Тщетным было обращение к народу. Тщетной была работа. Ни одна из драм не завоевывает больше, чем несколько вечеров, большинство из них уже на следующий день похоронены враждебной критикой, равнодушием толпы. Тщетна также борьба друзей за «Theatre du peuple». Министерство, к которому они неудачно обращались за содействием для создания парижского народного театра, дает закостенеть страстным стараниям, господин Адриен Бернгейм отправляется в информационную поездку в Берлин, он пишет отчет, отчет передается дальше, советуются, обсуждают, в конце концов прекрасное начинание глохнет где-то в бумагах. На бульварах продолжают свое триумфальное шествие Ростан и Бернштейн, народ заполняет кинематографы, великий призыв к идеализму затихает неуслышанным.
Кто завершит это огромное предприятие, какая нация откликнется, если собственная молчит? «Theatre de la Revolution» остается лишь торсом. «Робеспьер», духовное соответствие «Дантону», уже набросанный широкими мазками, не воплощается в законченную форму, остальные сегменты большого творческого круга рушатся. Кучи материала, заметки, разбросанные записи, исписанные тетради, бумажный мусор — это обломки здания, которое должно было собрать французский народ в пантеоне духа для героического подъема, для создания истинно французского театра. Роллан в тот час, вероятно, испытывал то же, что Гете, когда он, с печалью припоминая свои драматические грезы, говорит Эккерману: «Я действительно некогда лелеял мечту, что можно создать немецкий театр, даже больше — лелеял мечту, что сам смогу способствовать этому и положить некоторое основание для его постройки... Но ничто не двинулось, не шевельнулось, и все осталось по-прежнему. Если бы я произвел впечатление и вызвал сочувствие, я бы написал дюжину пьес, вроде «Ифи-гении» и «Тассо». В материале недостатка не было. Но, как я уже сказал, не было актеров, чтобы воплотить их с умом и душой, и не было публики, которая бы их слушала и воспринимала с чувством».
(1902)
Еще раз эпоха соблазняет Ромена Роллана обратиться к драматической форме (мало удавшееся произведение этих лет «La Montespan» не укладывается в ряд его великих стремлений). Еще раз, как и в процессе Дрейфуса, старается он извлечь моральную сущность из политического события, злобу дня возвысить до конфликта совести. Война с бурами — лишь предлог, как и революция была лишь духовной ареной для его драм: в действительности эта трагедия разыгрывается перед вечной инстанцией, единственной, признаваемой Рол-ланом, — перед совестью. Перед совестью единичной личности и всего мира.

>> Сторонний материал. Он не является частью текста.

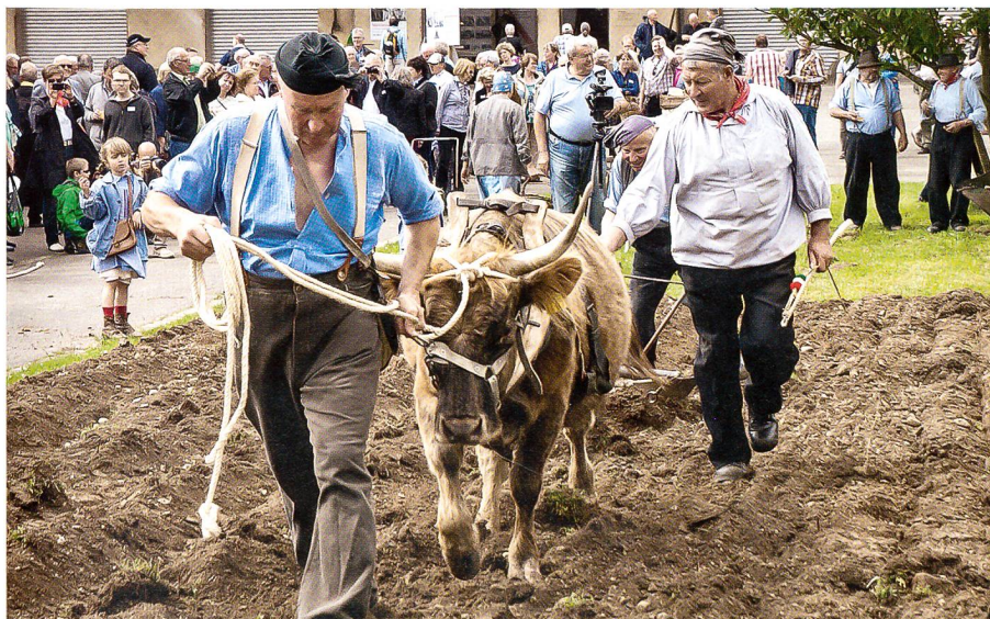
Sehr realistisch werden die Arbeitsmittel von 1914 gezeigt.

«Le temps viendra» — третий, самый внушительный вариант уже давно затронутого им разлада между убеждением и долгом, гражданственностью и человечностью, человеком свободным и принадлежащим своей нации. В этой драме — война совести среди общей войны. В «Триумфе разума» стоял вопрос: «свобода или отечество», в «Волках»: «справедливость или отечество». Здесь поставлен другой вопрос: «совесть, вечная истина или отечество». Главное действующее лицо (не герой) Клиффорд, вождь наступающей армии. Он ведет войну, несправедливую войну (какая война справедлива?), но он ведет ее своими стратегическими знаниями, а не душой. Кто познал, «сколько уже отжившего в войне», тому известно, что подлинную войну нельзя вести без ненависти, а он уже слишком зрел, чтобы уметь ненавидеть. Он знает, что нельзя бороться без лжи, нельзя убивать, не оскорбляя человечность, нельзя создавать военное право, цель которого — несправедливость. Его сковывает железный круг противоречий. «Obdir а та patrie? OWir а та conscience?» — «Должен я слушаться своего отечества или своей совести?» Нельзя побеждать, не делая зла, и нельзя быть полководцем, не стремясь победить. Он должен быть слугой насилия, оно вменено ему в обязанность, но он его презирает. Он не может остаться человеком, не размышляя, и не может оставаться солдатом со своей человечностью. Тщетно ищет он мягкости в своей суровой задаче, тщетно ищет доброты в кровавых приказах, он ведь знает, что «есть градации в преступлении, но все же оно остается преступлением». Вокруг этого трагически страдающего человека, который в конце концов, не покорив себя, покоряется судьбе, группируются в патетической ясности другие образы: циник, ищущий голой выгоды для страны, страстный любитель войны, тупые исполнители, сентиментальный эстет, закрывающий глаза на все неприятное и переживающий чужую трагедию как зрелище, а за всеми ними — дух лжи современных людей, цивилизация, — удачно придуманное слово, — которая прощает всякое преступление и строит свои фабрики на могилах.